But who can blame me! I was so young, and if I remember very well I was only eleven. I hadn’t planned for it and no one had prepared me for the whole thing. I remember mama laughing so loud when I told her about it, and then she was really pissed at my brother for taking me to “his church” and letting those people drag me through that ordeal, and went further to accuse him of scheming to steal me and the rest of my siblings from her – Catholic church.

I still recall that day and all the activities that took place; from the moment I joined that singing caravan headed to the river, to the moment I heard that pastor politely asking me to repeat some words after him which I obediently did.

Well, before everything happened, I had innocently followed Chris, my brother to this protestant church he had started attending like I did sometimes. You see, of all my brothers, Chris was my favorite, maybe because he was always at home with us unlike my other siblings. He never went away to the city to live there like Ben, who only came home during Christmas. Chris, up to this day hates the city and is more comfortable at home in the countryside helping mama with cattle when he got time.

I loved the church, their Sunday school was awesome and kids got a chance to perform before the whole congregation and it used to be fun. The church pastor too, was nice. He was my elder brother Ben’s friend and sometimes, before he became a pastor and got all too busy with the clergy work and the larger ministry, used to call on us sometimes and on numerous occasion helped me with my homework.

So when I heard that people were going out to a nearby river for baptism, I was super excited, and so were my friends and all the other kids at the church. I remember me and my friends excitedly running ahead of the rest of the group and even the elders found it hard keeping us from running into the road where they were afraid we could accidentally be run over by a car.

At the river, a large crowd had already gathered and more and more people were streaming in, which was somehow expected since the chosen place was at the bridge of the busy Busia-Mumias road. The event started and I stood safely at the riverbank on top of a rock, far away from the nearby bushes where a snake might be hiding – I’ve always dreaded snakes – and where I could have a clear view of all that was happening. I watched as the pastor with the help of some other members of the church, still with their suits on, dipped people into the river.

Watched as those dipped in the river and held under water for some minutes surfaced gasping for air and with horrified faces you would think they had run into ghosts of their long dead ancestors down there. It really scared me and I felt sorry for them. But it pissed me off more when I saw some mothers handing over their babies to endure the same ordeal the adults were going through.

I was beginning to regret why I went to that place in the first place and I was already thinking of a way to squeeze my tiny self through the mass of bodies and get away from that place when I saw some boys from the Sunday school wading through the water to go and get baptized as well, and soon even some of my friends were following suit. For some, the pastor prayed with before dipping them into the river while some he just went straight to dipping them and I didn’t understand why. I got curious.

My friends came out of the water looking deathly pale and with drenched clothes but smiling like they were some sort of heroes. I couldn’t be left out. I knew they would look down on me like some sissy and I was not ready to be anybody’s laughing-stock.

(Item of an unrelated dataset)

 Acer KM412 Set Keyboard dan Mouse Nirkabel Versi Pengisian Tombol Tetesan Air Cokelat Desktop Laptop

When I stepped into that green looking cold water on a bed full of slimy pebbles, it was more out of curiosity than just proving something to my friends. I wanted to know how it feels like being dipped under water, the excitement of it all when you finally get pulled out with lungs aching like they’re on fire. To be honest, the last thing I expected is to be “saved”.

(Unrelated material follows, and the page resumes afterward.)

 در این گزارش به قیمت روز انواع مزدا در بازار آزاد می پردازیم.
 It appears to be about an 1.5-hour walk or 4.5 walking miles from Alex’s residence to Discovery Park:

“Oh, it’s you! Hallo Lazarus!” The pastor said, sweetly smiling down at me when he saw that it was me.

I deeply inhaled and stood there shaking like a banana in wind, waiting to be immersed into the river just like Jesus in River Jordan, but after mumbling some words I couldn’t understand, the pastor looked up to my brother who was in the crowd standing beside a choir singing praise songs. I think he nodded because then the pastor asked me if I would love to be Jesus’ friend, and I said yes.

“…I accept you to be my personal savior.”

After repeating the short prayer after him, he said I was now born again, and with his helper dipped me in the river, like twice (not really sure).

And now sitting here, after all these years, I don’t know if the pastor’s efforts and prayers were worth it. I don’t even remember any of it – the words he asked me to repeat after him, and I don’t live or even act like a born again Christian at all. I can’t even recall the last time I was in church. It makes me wonder if it was okay for the pastor to convert me at such an age, and if it’s legal to convert an underage person into your faith.

And that’s why today I’m asking if there’s a legal age allowed for one to be born again or converted to a certain faith. Not like I’m on a mission to sue the pastor and his church. I’m just trying to understand if God might hold it against me for not living up to my end of the agreement.

4 thoughts on “Becoming a born again Christian

  1. We call this “The age of accountability”. Whatever age that a person comes to the realization that something must be done about the sin in their life. It’s not a number of years, it’s moment in life. Becoming saved/born again isn’t in the ceremonies or pre written prayers. It’s a change of heart. Sometimes suddenly and glorious and sometimes gradual and gentle. Sin after salvation? Well, mankind is broken. If we could be perfect there would have been no need for a savior in the first place. Just do your best and when you fail,(there will always be failures until we leave this flesh), when you fail talk to God from your heart and he will not fail you.